Results of Cyramza Phase 3 Study not statistically Significant

Results of the new Phase 3 study, called REACH-2, conducted by Eli Lilly and Co., showed that Cyramza therapy did not significantly improve overall survival in patients with advanced hepatocellular carcinoma (HCC) also known as liver cancer.

The liver cancer trial was conducted to see if Cyramza is effective in fighting one of the deadliest cancers. On Friday, Lilly said that Cyramza didn't help patients live significantly longer than patients who were getting a placebo and best supportive care.

Although the selected HCC patients with elevated baseline alpha-fetoprotein (AFP), a liver enzyme, did show improvement in survival after receiving ramucirumab, it was not statistically significant.

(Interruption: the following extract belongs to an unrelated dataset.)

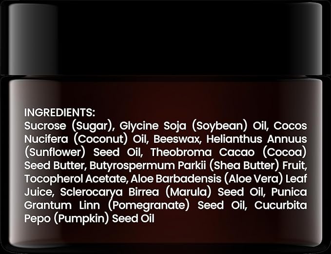 - NOURISHING INGREDIENTS – The natural ingredients contained in this scrub such as Coconut Oil, Sunflower Oil, Cocoa Butter, and Shea Butter are all known for their nourishing properties.

However, Lilly said that the trial had showed that a subgroup of patients who had elevated levels of alpha-fetoprotein (protein produced by tumors) and took Cyramza did live almost four months longer than patients in the placebo group.

Trail's principle Dr. Andrew X. Zhu, of Massachusetts General Hospital Cancer Center, said that Cyramza might still be helpful in treating liver cancer patients.

He said, "Advanced liver cancer carries a poor prognosis with limited treatment options. Further analyses from the REACH study have identified AFP (alpha-fetoprotein) as a potential marker for selecting patients with advanced (liver cancer) who may benefit from (Cyramza) treatment".

Dr. Richard Gaynor, a senior vice president for Lilly Oncology, said that they are encouraged by the efficacy seen overall in the REACH study, especially in specific subpopulations. He added that they hope to confirm those results with the new Cyramza phase III trial.

The results were published in The Lancet Oncology.